Month: June 2015

A Handy Query for SQL Server

Posted on

Here is a nice query that you won’t find everywhere that could be rather useful

  1. A query to fix duplicates and clean-up your ‘look-up’ tables

Query: Clean-Up Your Duplicates!

ERD showing how equipment relates to models. My data has unwanted duplicates  in the Models table.
ERD showing how equipment relates to models. My data has unwanted duplicates in the Models table.

The diagram above illustrates the relationship between equipment and models. A well-designed Models table should have a unique-constraint on the ModelName column to prevent duplicates. My table doesn’t. This can happen if you get data from users who don’t understand the problems this can create!

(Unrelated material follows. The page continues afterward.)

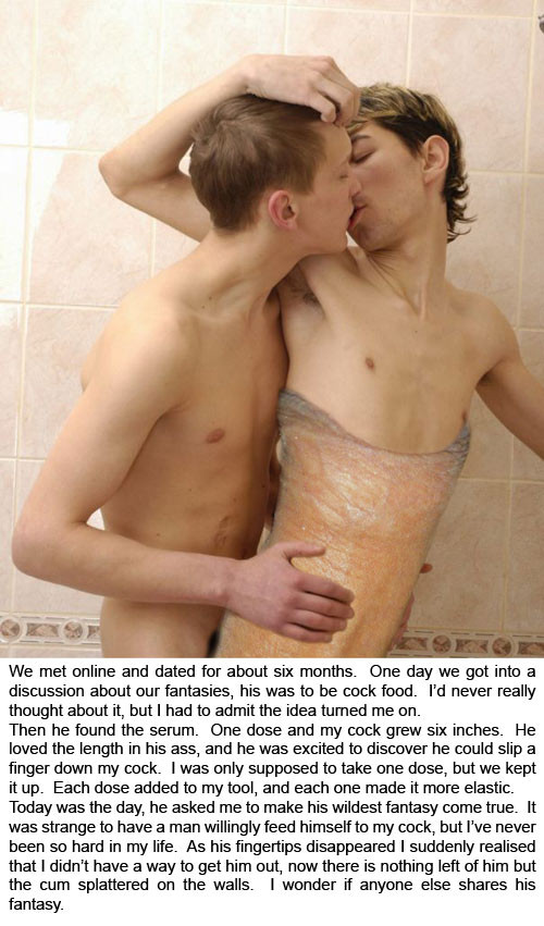 Je ne peux pas parler pour les autres, mais mon goût pour l’anal vore vient du plaisir que je ressens de me remplir l’estomac sans utiliser ma bouche, et en ayant les mains libres. Ne pas me servir de mes mains, ça me plaît beaucoup. Bien sûr, j’aime l’aspect très sexuel de l’anal vore. Je suis un homme, et je suis gay, donc forcément, je m’intéresse de près à tout ce qui touche à l’anus, et ça m’excite d’avoir un gros ventre après avoir avalé quelqu’un. C’est même ça qui est le plus important pour moi.

A couple of queries show the duplicated data in my database. Because the Equipment table uses each  duplicate value, I cannot simply delete dupes in the Models table
A couple of queries show the duplicated data in my database. Because the Equipment table uses each duplicate value, I cannot simply delete dupes in the Models table

Here’s the Query!

Update Equipment
Set  ModelId = (Select idsToUse.theId
		From  (Select ModelName, Min(ModelId) theId
		       From Models
		        by ModelName
		       ) idsToUse
		Join Models m
			on m.ModelName = idsToUse.ModelName
		Where  m.ModelID = Equipment.ModelID
		)

Does that look like a bunch of impenetrable gobbledegook? Allow me to explain!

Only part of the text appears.